In late nineteenth-century British India, native contractors, seasonal labourers and various building trade communities (bricklayers, carpenters, stone cutters, stone masons, earth workers, blacksmiths) worked on the construction sites in and around the city of Pune. Construction skills were passed on from generation to generation through forms of on-site apprenticeship.

Up until today the majority of construction workers is trained on the job. Yet, since 1889, a number of technical schools offering practical courses in the building trades have been established in Pune on private or government initiative. While the emergence and expansion of civil engineering education in Pune has been recorded in literature, much less is known on these vocational schools. Who where the founders of these institutes and what were their motives? What was the share and success of building related courses in these schools? Were new construction methods thought? In which format was education organised?
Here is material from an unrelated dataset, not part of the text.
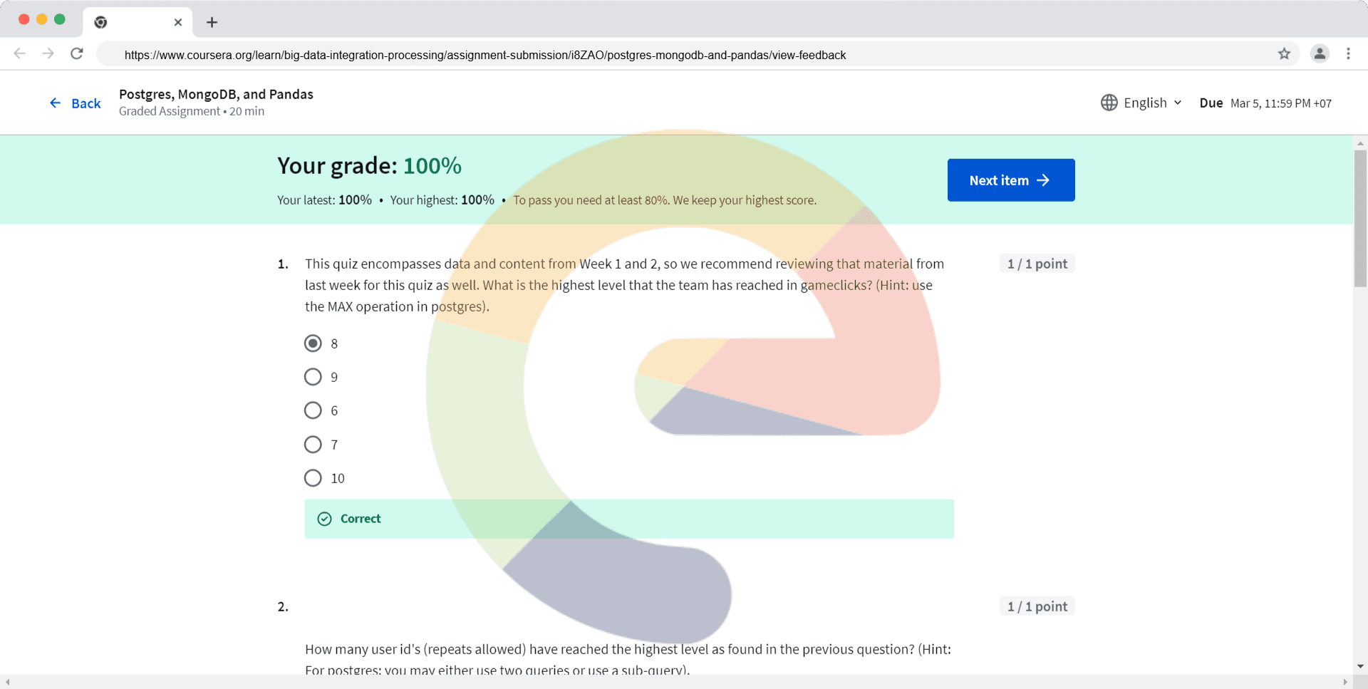 This quiz encompasses data and content from Week 1 and 2, so we recommend reviewing that material from last week for this quiz as well. What is the highest level that the team has reached in gameclicks? (Hint: use the MAX operation in postgres). 8 ...

In an attempt to answer these questions, this paper analyses a combination of informational brochures, administrative documents and student records of three institutes offering practical courses in the building trades before 1980: The Victoria Jubilee Memorial Technical School (1889, now Shri Chhatrapati Shivaji Industrial Training Centre), the Training Centre for War Disabled Aundh (1949, now Industrial Training Institute Aundh) and St. Joseph’s technical institute (1959). A comparison with literature on the emergence of vocational schooling for building craftsmen in the West (Addis, Bertels, Carvais and Nègre, Clarke) highlights similarities and differences and places this study in an international perspective.